Please transcribe the data that follows exactly as given, leaving out every picture.

*** DATA ***

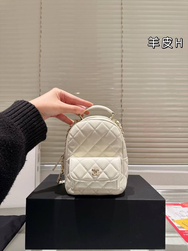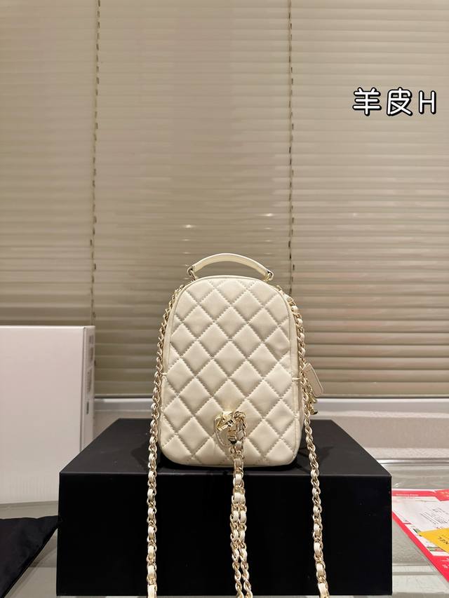 Replica Lambskin Chanel 24C Mini Backpack. Made of black pebbled calfskin with a gold double C logo, this classic and durable backpack features quilted stitching, a top handle, and a detachable shoulder strap. It can be carried by hand, over the shoulder, or crossbody
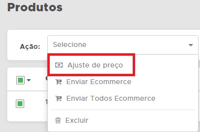 Ao selecionar os itens que deseja e clicar na Ação, você poderá realizar o ajuste de preço:
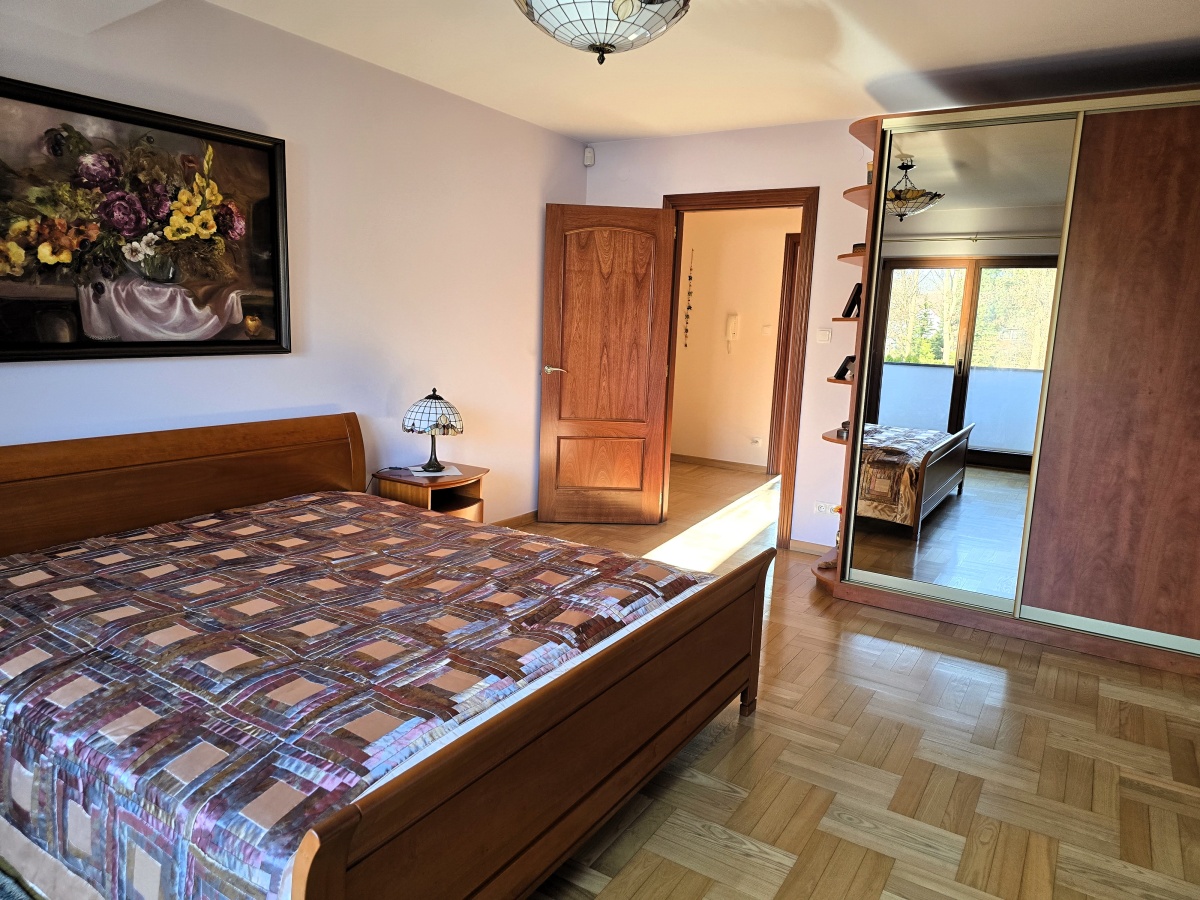 – główna sypialnia z obszerną ponad dziesięciometrową garderobą z oknem (10,30 m2) oraz z wyjściem na balkon

*** End of DATA ***

**SOLUTION TO THIS EXERCISE**.
 Replica Lambskin Chanel 24C Mini Backpack. Made of black pebbled calfskin with a gold double C logo, this classic and durable backpack features quilted stitching, a top handle, and a detachable shoulder strap. It can be carried by hand, over the shoulder, or crossbody
 Ao selecionar os itens que deseja e clicar na Ação, você poderá realizar o ajuste de preço:
 – główna sypialnia z obszerną ponad dziesięciometrową garderobą z oknem (10,30 m2) oraz z wyjściem na balkon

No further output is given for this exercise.